Organisme de quarantaine avec annonce obligatoire
Signalement et conduite à tenir
En cas d’observation de Scarabée japonais (Popillia japonica) :
- Vérifiez que toutes les caractéristiques physiques correspondent au scarabée japonais
- Assurez-vous qu’il ne s’agit pas d’un autre hanneton (des confusions sont possibles)
- Si possible, prenez une photo claire de l’insecte et notez l’endroit précis et la date de la découverte
- En cas de capture, ne le relâchez surtout pas : placez-le au congélateur
- Remplissez le formulaire de signalement via le document suivant : Formulaire de signalement
- Indiquez-nous un moyen de contact (téléphone et/ou courriel)
- Informez immédiatement le service phytosanitaire du canton :
- par téléphone : 032 889 37 08
- par courriel : station.phytosanitaire@ne.ch
Identification
Cycle de vie
Sous nos climats, le scarabée japonais vit sur une année.
Au printemps, quand la température dépasse 10°C, les larves de l’année précédente remontent à la surface et mangent les racines. Quelques semaines plus tard, elles se transforment en nymphe, puis en adultes qui apparaissent dès juin. La période de vol dure de juin à septembre. Les coléoptères sont surtout actifs lorsque les températures se situent entre 21 et 35 °C, que le vent est faible et l’humidité de l’air supérieure à 60%.
Les adultes vivent environ 4 à 6 semaines. Pendant ce temps, ils se reproduisent plusieurs fois. Les femelles creusent des trous de 5 à 10 cm pour pondre leurs œufs (3 à 4 à la fois), soit environ 40 à 60 œufs au total dans leur vie. La ponte a lieu dans des sols assez humides. Les œufs éclosent après 10 à 14 jours.
Les jeunes larves commencent aussitôt à se nourrir de racines. Elles passent par trois stades successifs. Quand l’hiver arrive et que les températures baissent, les larves descendent plus profondément dans le sol pour y passer l’hiver.
Dégats occasionnés
Les scarabées sont très polyphages, c’est-à-dire qu’ils se nourrissent de nombreux types de plantes. Ils mangent les feuilles, les fleurs et les fruits de plus de 400 espèces végétales différentes.
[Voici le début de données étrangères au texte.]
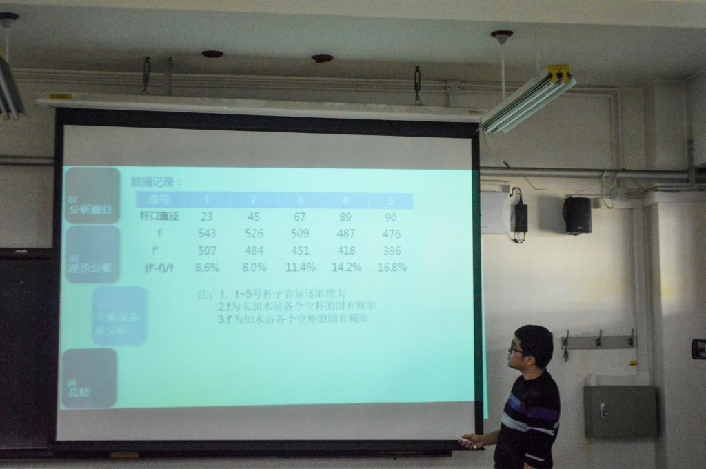 此次分赛共有17支队伍参加,第三轮分赛题目为“Resonating Glass”,本次比赛同学们就半满的酒杯会与扬声器发出的声音共振,研究相关参数是如何影响这个现象的展开答辩。到场参与评分的评委老师有校大学物理实验教学中心的滕永杰老师、白洪亮老师等。

Ces insectes se rassemblent en groupes pour se nourrir, ce qui peut rapidement laisser certaines plantes complètement dépourvues de feuilles, comme la vigne, dont le scarabée japonais (Popillia japonica) est très friand. Les feuilles endommagées prennent un aspect squelettique suite à leur passage. Ces dommages au feuillage peuvent affecter le rendement et la qualité des fruits.
En Suisse, les plantes les plus touchées sont surtout les arbres fruitiers, comme les pommiers, les pruniers et les abricotiers, ainsi que les vignes, les myrtilles, les mûres, les framboises, les haricots, le houblon, le maïs, les noisetiers, le soja, les roses et les glycines. On peut aussi en trouver sur des arbres comme les tilleuls, les érables, les prunelliers, les ormes et les saules.
Les larves, elles, mangent les racines des graminées. Cela provoque l’apparition de zones d’herbe sèche et brunâtre dans les jardins, ainsi que sur les terrains de football ou de golf.
Mode de dissémination
Le scarabée ne peut voler que sur quelques centaines de mètres. Il ne peut donc pas coloniser facilement de nouvelles zones proches. Cependant, sa propagation rapide s’explique par les différents moyens de transport que nous utilisons : le train, les transports de marchandises, mais surtout les véhicules privés lors des voyages ou des retours de vacances où il peut se cacher.
Ainsi, lorsque vous visitez des zones infestées, il est très important de vérifier qu’aucun scarabée ne se trouve dans votre véhicule, dans vos bagages ou sur vous.
En faisant ces vérifications, vous aidez à limiter la propagation de cet organisme de quarantaine.
Les larves et les œufs peuvent être transportés dans de la terre ou accrochés aux racines des plantes. Certains adultes peuvent aussi se cacher dans la végétation des plantes ornementales.
Actuellement, Popillia japonica est présent en Amérique du Nord, aux Açores, en Italie, en Allemagne et en Suisse. En Suisse, il se trouve dans les cantons du Tessin, du Valais (col du Simplon), de Zurich, de Schwytz et de Bâle (Bâle-Campagne et Bâle-Ville). Dernièrement, il a également été identifié dans les cantons de Genève et de Vaud.